Word for word, output every line of the material below, minus pictures.

┌──

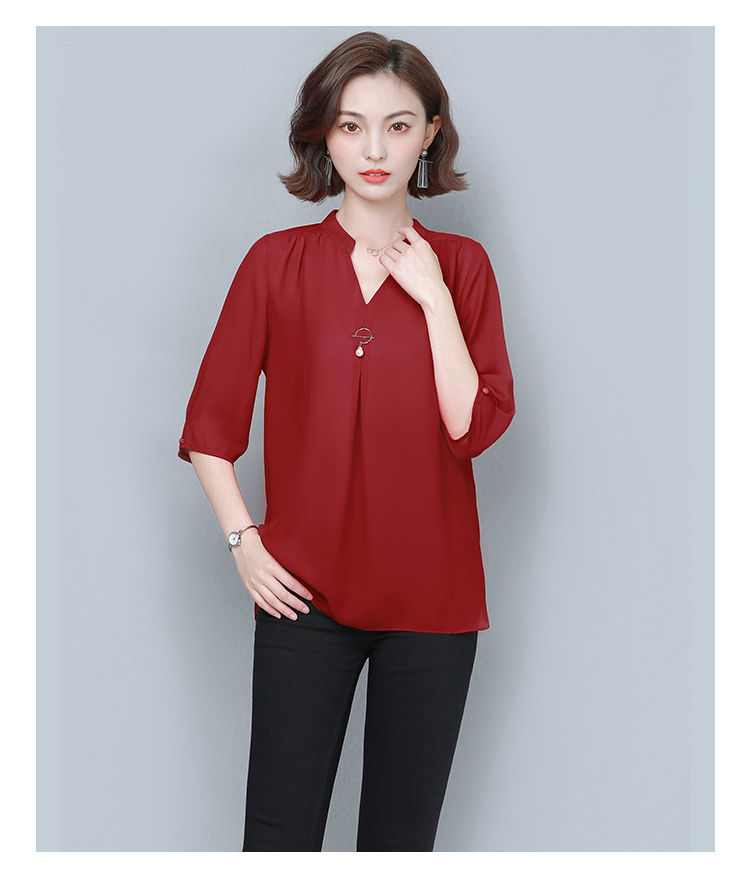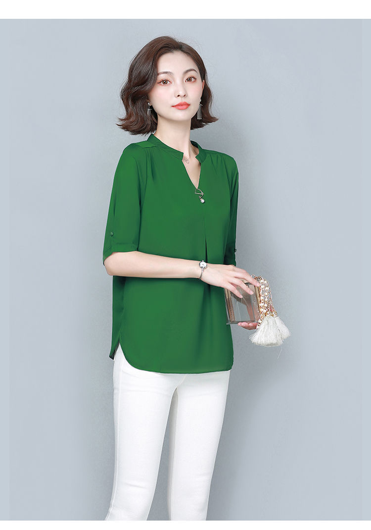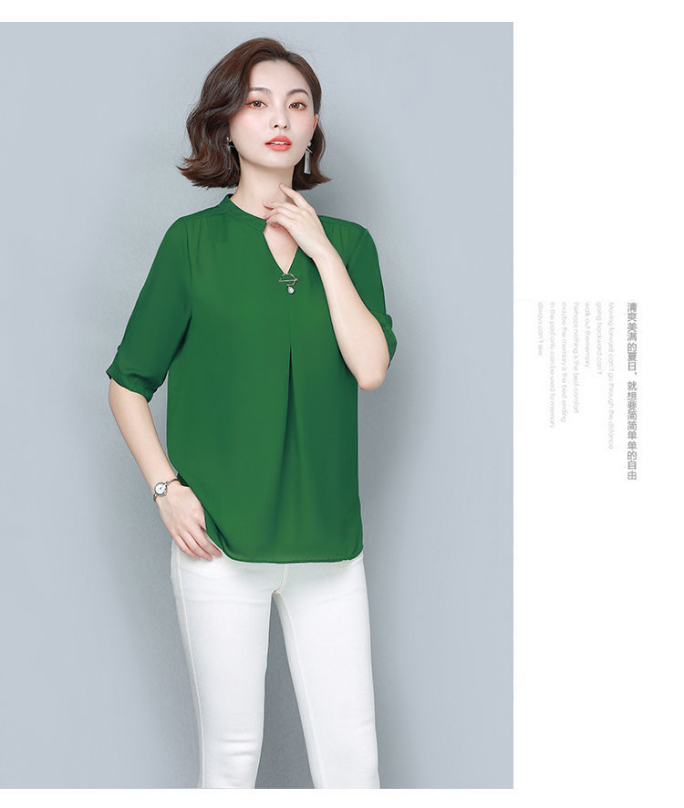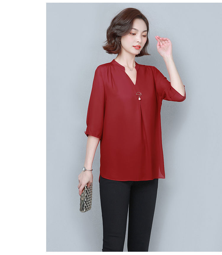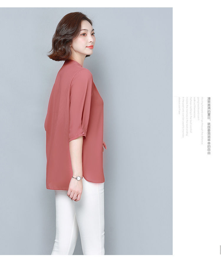 2023 새로운 여름 여성 대형 느슨한 중간 길이 기질 셔츠 중년 어머니 여름 중간 소매 티셔츠
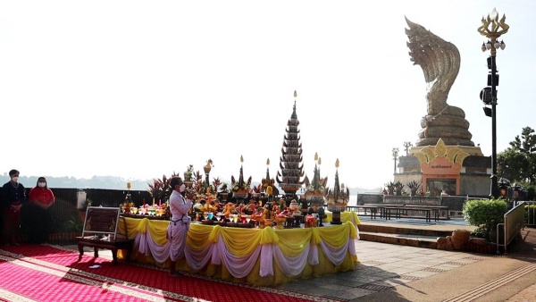 ซึ่งหลังจากบวงสรวงองค์พญาศรีสัตตนาคราชแล้ว คณะผู้ว่าราชการจังหวัดนครพนม ได้กราบไหว้ศาลเจ้าพ่อคำแดง ผู้ปกปักดูแลลูกหลานตามริมแม่น้ำโขง,พระติ้ว พระเทียม วัดโอกาสศรีบัวบาน,ศาลเจ้าพ่อหมื่น,ศาลปู่-ย่า,รูปเหมือนหลวงปู่จันทร์เกจิอาจารย์ชื่อดัง และ หลวงพ่อพระแสง วัดศรีเทพประดิษฐาราม ซึ่งเป็นพระพุทธรูปที่สร้างในยุคเดียวกับหลวงพ่อพระใส จังหวัดหนองคาย และศาลเจ้าพ่อสัมมาติ ถือว่าการกราบไหว้สิ่งศักดิ์สิทธิ์ตามคติความเชื่อของชาวจังหวัดนครพนมครบสมบูรณ์ โดยในวันจันทร์ที่ 4 ตุลาคม ก็จะประชุมร่วมกับคณะกรรมการโรคติดต่อจังหวัดนครพนม ถึงสถานการณ์การแพร่ระบาดโรคโควิด รวมทั้งวาระการประชุมในเรื่องอื่นๆ ณ ห้องประชุมพระธาตุพนม ชั้น 5 ศาลากลางจังหวัดนครพนม
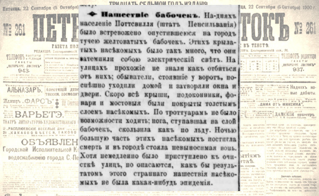 На днях население Поттсвиля (штат Пенсильвания) было встревожено опустившуюся на город тучею желтоватых бабочек. Этих крылатых насекомых было так много, что они затемнили собою электрический свет. На улицах прохожие не знали как отбиться от них; обыватели, стоявшие у ворот, поспешно уходили домой и затворяли окна и двери. Скоро все крыши, подоконники, фонари и мостовые были покрыты толстым слоем насекомых. По тротуарам не было возможности ходить; нога, ступавшая на слой бабочек, скользила как по льду. Ночью часть этих насекомых постигла смерть и в городе стояла невыносимая вонь. Хотя немедленно было преступлено к очистке улиц, но опасаются, как бы результатом этого странного нашествия насекомых не была какая-нибудь эпидемия.
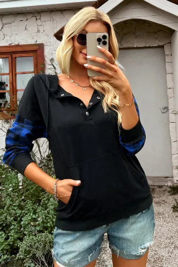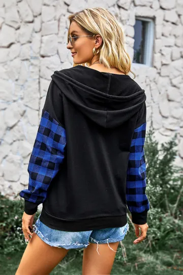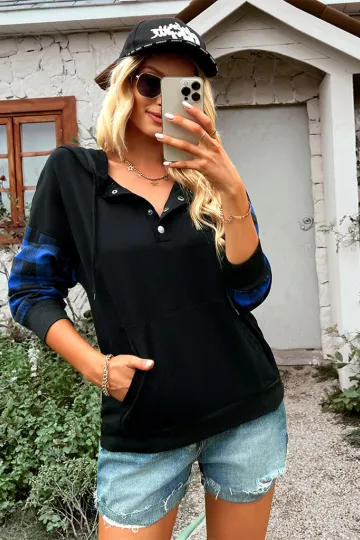 Wholesale Women's Casual Plaid Panel Hooded Loose Top
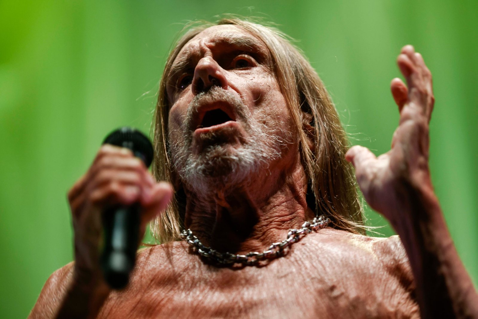 El chaleco dura lo que un suspiro. Apenas se arrima al micrófono, Iggy Pop se lo saca y lo revolea para que un asistente lo recoja. Así, la piel de la “iguana” queda al descubierto. Sin esa voz cavernosa, sin el lacio de la cabellera, sin ese esqueleto y sus fibras no sería Iggy Pop. Y lo que está allí, sobre el escenario, plantado como un tótem que tiene movimiento, es ni más ni menos que aquello que fue, aquello que es (hoy y por estos días, con el show de Buenos Aires) y lo que será en sus próximos conciertos. Porque si hay algo que tiene ese señor de 78 años es que no parece, al menos en escena, un guerrero en retirada si por esto se entiende a todo aquel músico que pasados los setenta largos planea su gira de despedida o, sin decir nada, permite que aquellos que promueven sus shows se tomen el trabajo de venderlos como “última gira”.
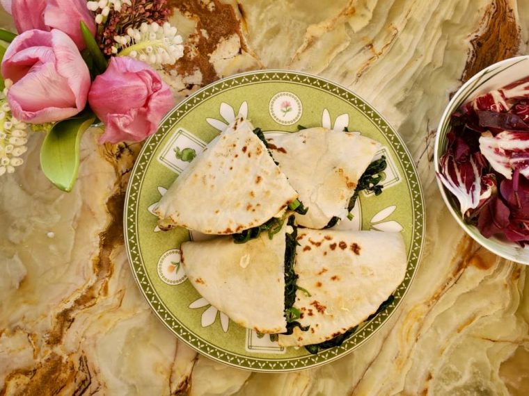 Обычно спанакопита готовится из слоеного теста с начинкой из зелени и сыра фета. Но начинкой можно заполнить питы или лепешки – получится вкусное блюдо на скорую руку.
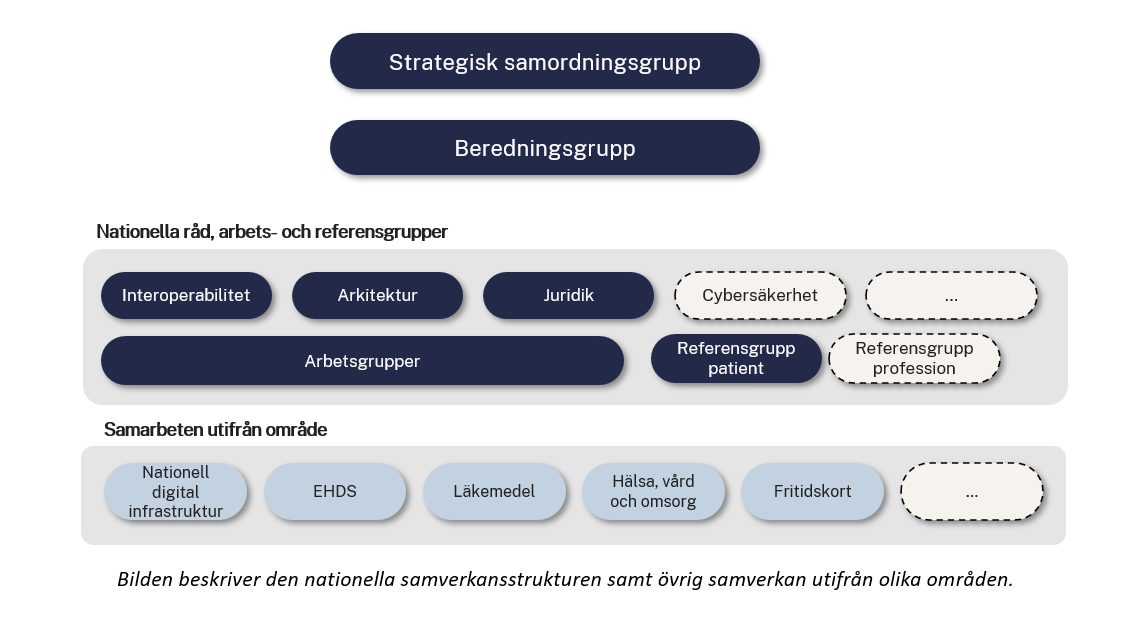 Arbetet samordnas inom den nationella samverkansstrukturen (se bild nedan). Syftet är att stärka vår gemensamma förmåga att realisera den nationella digitala infrastrukturen och identifiera utvecklingsområden som är till nytta för hela sektorn. Myndighetens strategiska samordningsgrupp har det övergripande ansvaret för samordningen.

└──

#### [Response below]
 2023 새로운 여름 여성 대형 느슨한 중간 길이 기질 셔츠 중년 어머니 여름 중간 소매 티셔츠
 ซึ่งหลังจากบวงสรวงองค์พญาศรีสัตตนาคราชแล้ว คณะผู้ว่าราชการจังหวัดนครพนม ได้กราบไหว้ศาลเจ้าพ่อคำแดง ผู้ปกปักดูแลลูกหลานตามริมแม่น้ำโขง,พระติ้ว พระเทียม วัดโอกาสศรีบัวบาน,ศาลเจ้าพ่อหมื่น,ศาลปู่-ย่า,รูปเหมือนหลวงปู่จันทร์เกจิอาจารย์ชื่อดัง และ หลวงพ่อพระแสง วัดศรีเทพประดิษฐาราม ซึ่งเป็นพระพุทธรูปที่สร้างในยุคเดียวกับหลวงพ่อพระใส จังหวัดหนองคาย และศาลเจ้าพ่อสัมมาติ ถือว่าการกราบไหว้สิ่งศักดิ์สิทธิ์ตามคติความเชื่อของชาวจังหวัดนครพนมครบสมบูรณ์ โดยในวันจันทร์ที่ 4 ตุลาคม ก็จะประชุมร่วมกับคณะกรรมการโรคติดต่อจังหวัดนครพนม ถึงสถานการณ์การแพร่ระบาดโรคโควิด รวมทั้งวาระการประชุมในเรื่องอื่นๆ ณ ห้องประชุมพระธาตุพนม ชั้น 5 ศาลากลางจังหวัดนครพนม
 На днях население Поттсвиля (штат Пенсильвания) было встревожено опустившуюся на город тучею желтоватых бабочек. Этих крылатых насекомых было так много, что они затемнили собою электрический свет. На улицах прохожие не знали как отбиться от них; обыватели, стоявшие у ворот, поспешно уходили домой и затворяли окна и двери. Скоро все крыши, подоконники, фонари и мостовые были покрыты толстым слоем насекомых. По тротуарам не было возможности ходить; нога, ступавшая на слой бабочек, скользила как по льду. Ночью часть этих насекомых постигла смерть и в городе стояла невыносимая вонь. Хотя немедленно было преступлено к очистке улиц, но опасаются, как бы результатом этого странного нашествия насекомых не была какая-нибудь эпидемия.
 Wholesale Women's Casual Plaid Panel Hooded Loose Top
 El chaleco dura lo que un suspiro. Apenas se arrima al micrófono, Iggy Pop se lo saca y lo revolea para que un asistente lo recoja. Así, la piel de la “iguana” queda al descubierto. Sin esa voz cavernosa, sin el lacio de la cabellera, sin ese esqueleto y sus fibras no sería Iggy Pop. Y lo que está allí, sobre el escenario, plantado como un tótem que tiene movimiento, es ni más ni menos que aquello que fue, aquello que es (hoy y por estos días, con el show de Buenos Aires) y lo que será en sus próximos conciertos. Porque si hay algo que tiene ese señor de 78 años es que no parece, al menos en escena, un guerrero en retirada si por esto se entiende a todo aquel músico que pasados los setenta largos planea su gira de despedida o, sin decir nada, permite que aquellos que promueven sus shows se tomen el trabajo de venderlos como “última gira”.
 Обычно спанакопита готовится из слоеного теста с начинкой из зелени и сыра фета. Но начинкой можно заполнить питы или лепешки – получится вкусное блюдо на скорую руку.
 Arbetet samordnas inom den nationella samverkansstrukturen (se bild nedan). Syftet är att stärka vår gemensamma förmåga att realisera den nationella digitala infrastrukturen och identifiera utvecklingsområden som är till nytta för hela sektorn. Myndighetens strategiska samordningsgrupp har det övergripande ansvaret för samordningen.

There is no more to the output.